The Strange Color of Your Body's Tears

Directors: Bruno Forzani, Helene Cattet

Release Date: Saturday 30th November 2013

Running time: France minutes

Dan (Klaus Tange) arrives home from a trip, to find his apartment locked from the inside. Having busted the door in, he discovers his wife is missing, with no signs of a struggle, but all the messages he'd been leaving her since he left still on the answering machine. He gets drunk, waiting for his wife to come home... and this is the last time this movie makes what you might refer to as any kind of 'sense'.

Using one part David Lynch dream logic and one part Dario Argento nightmare gallio horror, Dan's trip around his apartment building, talking to neighbours and strangers, detectives and (possibly) ghosts or figments of his own fracturing mind, Strange Colour is soaked in atmospheric 70's atmosphere and experimental visuals and sound design.

It's a sensory overload of kaleidoscopic images (sometimes literally) of half faces and weirdly placed split screens, as well orgasm soundscapes with lashings of constantly creaking leather and clacking high hells on marble.

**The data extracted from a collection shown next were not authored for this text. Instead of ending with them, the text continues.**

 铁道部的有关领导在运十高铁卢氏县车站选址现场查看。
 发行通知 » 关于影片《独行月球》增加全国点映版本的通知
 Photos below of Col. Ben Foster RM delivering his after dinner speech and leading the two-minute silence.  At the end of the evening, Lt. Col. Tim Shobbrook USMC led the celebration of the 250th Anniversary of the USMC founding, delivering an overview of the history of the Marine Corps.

The whole astethic is designed to knock you off balance, constantly question what is real and what is a dream. Or a fantasy. Or a nightmare.

Which, of course, is just as much a recommendation as it is a warning. Never quite nailing the dread that Lynch can conjure, and too often letting the histrionics of the presentation overwhelm in a way that Argento would never allow, there are going to be just as many people leaving within ten minutes of exposure to this as there will be glued to their chairs come the closing credits.

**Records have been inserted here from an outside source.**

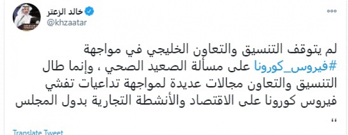 وقال في تغريدة عبر "تويتر" رصدها "المشهد العربي": "لم يتوقف التنسيق والتعاون الخليجي في مواجهة فيروس كورونا على مسألة الصعيد الصحي، وإنما طال التنسيق والتعاون مجالات عديدة لمواجهة تداعيات تفشي فيروس كورونا على الاقتصاد والأنشطة التجارية بدول المجلس".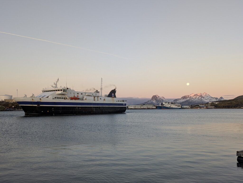 Also Abflug am 04.12., abends ins Comfort-Hotel in Bodø (gelaufen vom Flughafen), morgens Mietwagen geholt und nochmal die Ladeinfrastruktur getestet. Bisher hatte ich als Provider Bilkraft.no, aber die haben nicht überall Stationen. Per Zufall habe ich in der Easypark-App, mit der ich auch das Parking bezahle, gesehen, dass die auch Ladestationen eingezeichnet haben und ich die auch in der App direkt freischalten und bezahlen kann. Sehr praktisch. Da bin ich also am Nachmittag zu einem Geschäftsparkplatz gefahren und hab mich da eine Weile an der Ladesäule hingestellt (hab extra die langsame mit 7kW genommen) und auch noch die Parkgebühren gespart. Die Fähre hatte ich schon online gebucht, hab das Fahrzeug dann in die passende Reihe gestellt und bin nochmal in die Stadt gelaufen.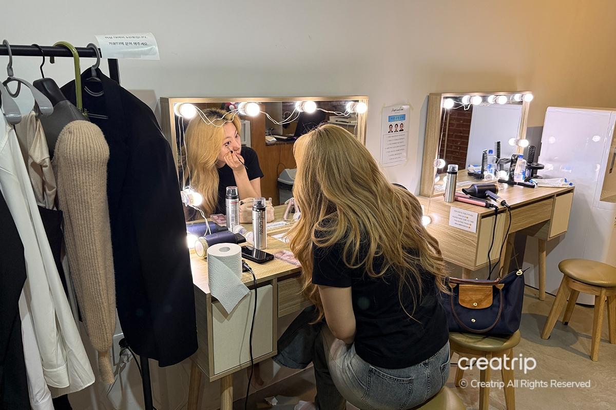 開拍前,在梳妝檯上輕輕補了妝。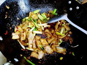 锅中放入回锅肉将油炒出,然后加入豆瓣酱姜蒜白糖酱油,充分翻炒,再加入苕皮和青椒。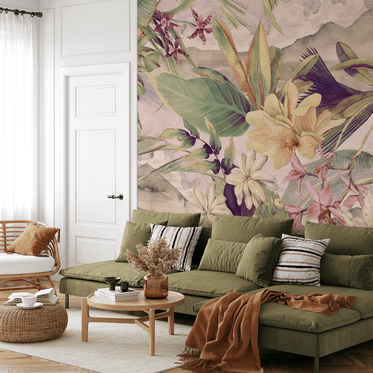 Breng een unieke sfeer in huis met het “Tropical Harmony” fotobehang. Dit zorgvuldig vervaardigde, pastelkleurige plantenpatroon combineert de exotische lichtheid en delicate schoonheid van tropische bloemen en bladeren, waardoor een ruimte vol rust en harmonie ontstaat. Subtiele kleuren en verfijnde details maken dit fotobehang perfect geschikt voor zowel moderne als klassieke interieurs.
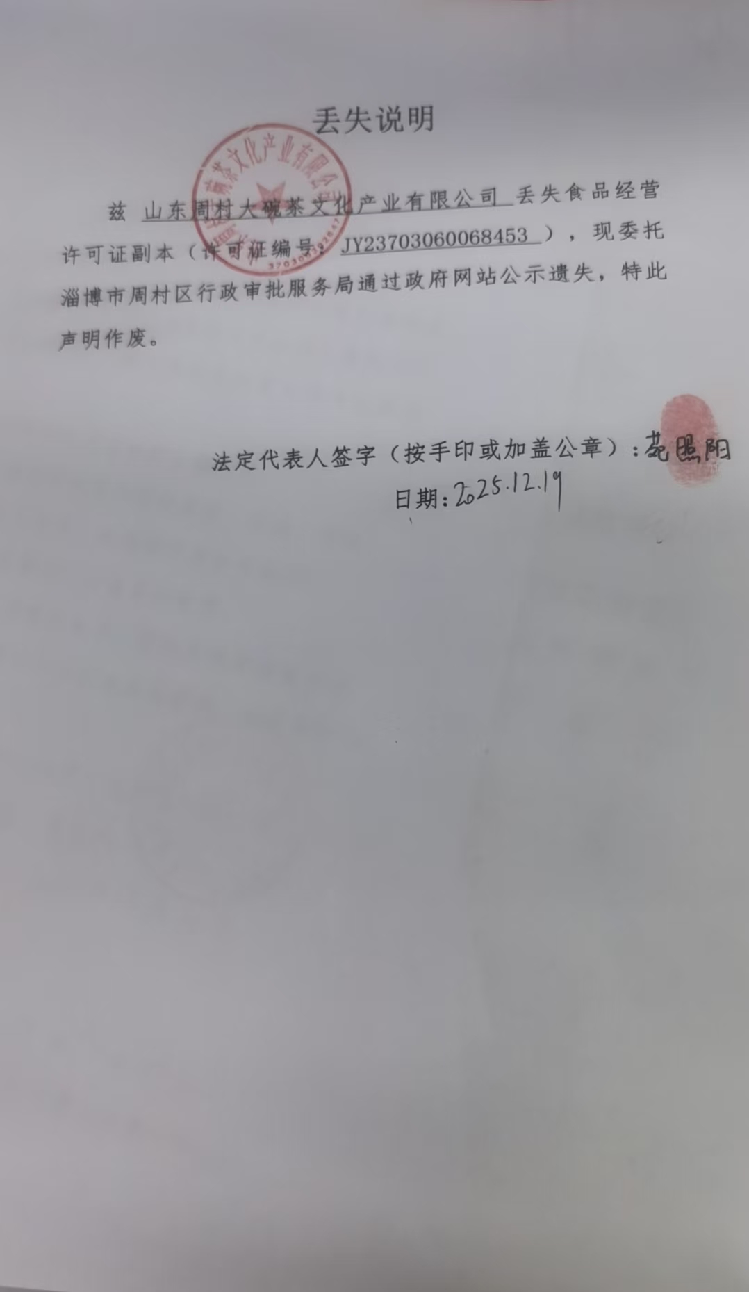 山东周村大碗茶文化产业有限公司丢失食品经营许可证副本

Tange does incredibly work as a man put through an extended psychological torture house, exposed (as are we) to maddening images and visceral violence, but the meaning behind swings back and forth between completely mystifying and overtly obvious. There's a lot of stuff going on about sex, lust, voyeurism and sado-masochism, with vagina symbolism EVERYWHERE, but what it all means is anyone's guess.

A glimpse into the descent of madness is hardly anyone's idea of a good time, but if you're looking for as close as cinema can get to it, then The Strange Colour Of Your Body's Tears is for you.